If the scar tissue also affects the lateral or dorsal parts of the subglottis, standard cricotracheal resection is usually not sufficient to reach healthy mucosa at the resection margins. Therefore, cricotracheal resection has to be combined with additive procedures. Dorsal mucosectomy is usually necessary for subglottic stenoses affecting the mucosa on the cricoid plate. A U-shaped incision in made on the dorsal mucosa reaching cranially until healthy mucosa is reached. The scar tissue can easily be separated from the perichondrium of the cricoid plate using a fine beaver knife () (8).
Figure 3

A scalpel is used to peel off the dorsal scar from the perichondrium of the cricoid plate (A).
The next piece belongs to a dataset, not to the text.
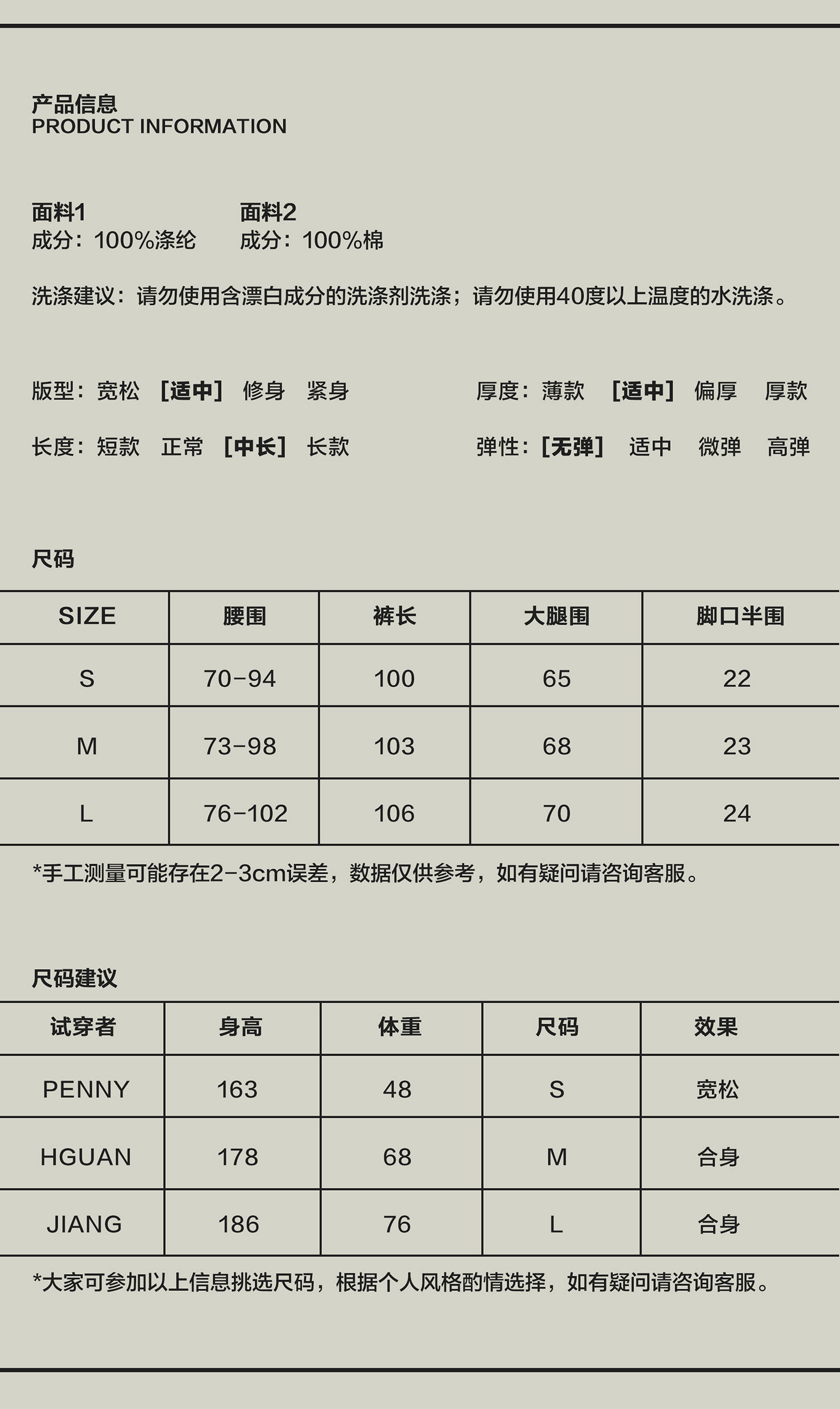 | 裤长: 长裤 |

After completion of the dorsal mucosectomy, a sufficient lumen of the subglottis is achieved (B). Afterwards the cricoid plate is covered by a mucosal flap raised from the distal trachea (C) and anastomosis is completed (D). The surgical specimen consists of the cricoid arch and the dorsal mucosa (E).
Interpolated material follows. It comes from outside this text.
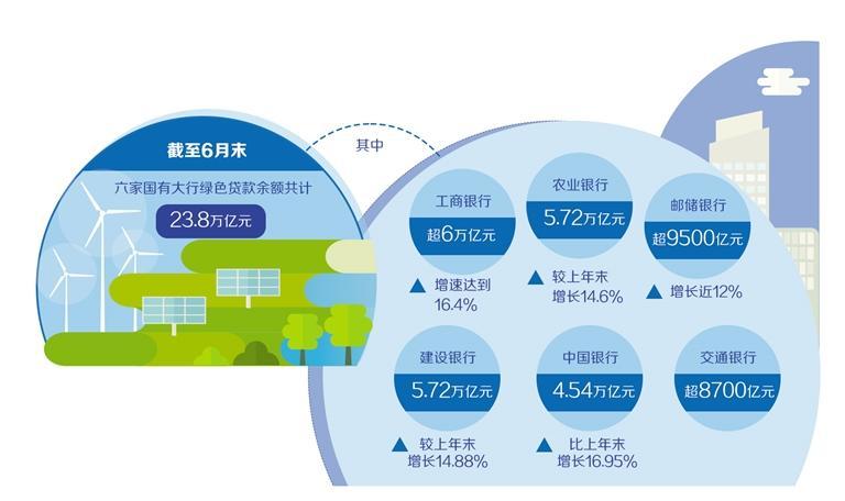 截至6月末,6家国有大行绿色贷款余额共计23.8万亿元。其中,工商银行绿色贷款余额超6万亿元,增速达到16.4%;农业银行、建设银行绿色贷款余额均为5.72万亿元,较上年末分别增长14.6%、14.88%;中国银行绿色贷款余额4.54万亿元,比上年末增长16.95%;交通银行绿色贷款余额超8700亿元;邮储银行绿色贷款余额超9500亿元,增长近12%。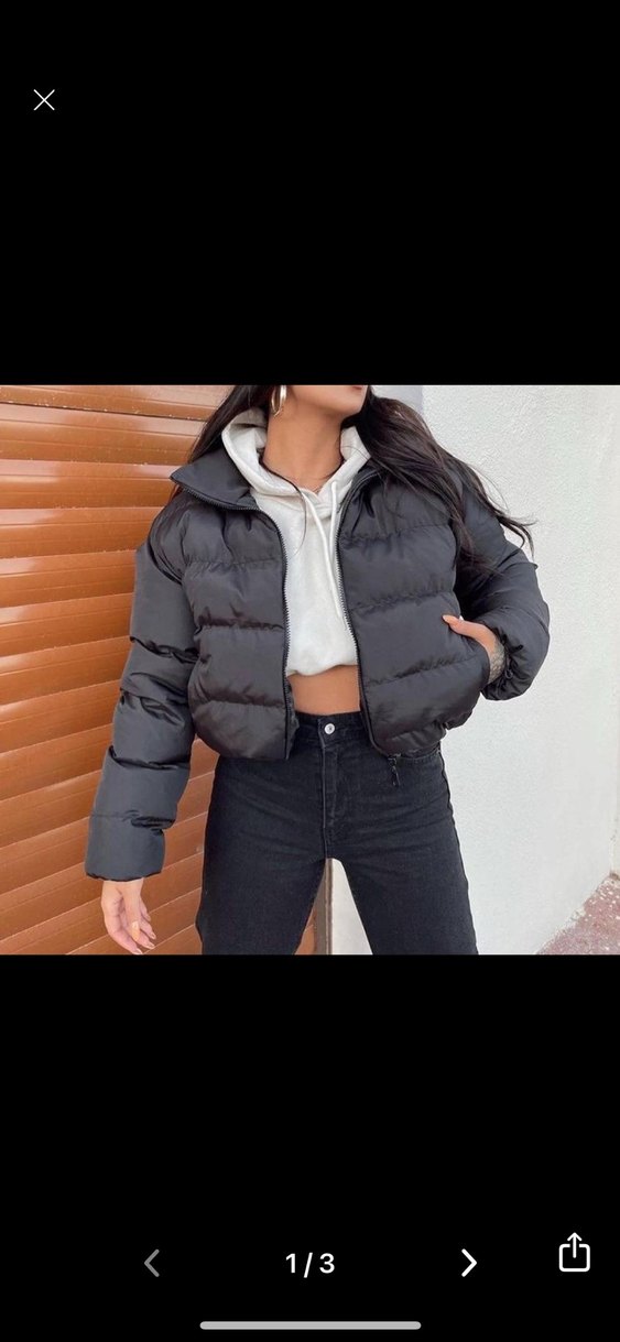 Fermuarlı, uzun kollu, yüksek yakalı siyah kadın kışlık mont. Sıkı kesim ve normal boyda, günlük sokak stili için uygun. ❄️ Sorunsuz sıcak tutuyor

A scalpel is used to peel off the dorsal scar from the perichondrium of the cricoid plate (A). After completion of the dorsal mucosectomy, a sufficient lumen of the subglottis is achieved (B). Afterwards the cricoid plate is covered by a mucosal flap raised from the distal trachea (C) and anastomosis is completed (D). The surgical specimen consists of the cricoid arch and the dorsal mucosa (E). The denuded cartilage is covered with a dorsal flap of the distal tracheal mucosa. The mucosal flap is sewn to the mucosa of the glottis with a running 5-0 or 6-0 PDS suture (). For the sutures of the lateral and anterior part of the anastomosis 4-0 PDS is used and the anastomosis is closed with gradual adaptation (). The lateral cricoplasty is particularly appropriate for subglottic stenoses with moderate side-to-side narrowing. This method was first described by Liberman and colleagues (9). The healthy mucosa is carefully separated laterally from the pathologically thickened submucosa. The submucosa is reduced by a wedge while the healthy mucosa is preserved. The mucosa is then laterally tacked to the cartilage using two to three 6-0 PDS stiches ().
Figure 4

Subglottic stenosis with significant lateral submucosal scar formations is shown in (A). A lateral cricoplasty using a scalpel is performed (B). After re-adaption of the lateral mucosa, a significant increase in the subglottic lumen is reached (C).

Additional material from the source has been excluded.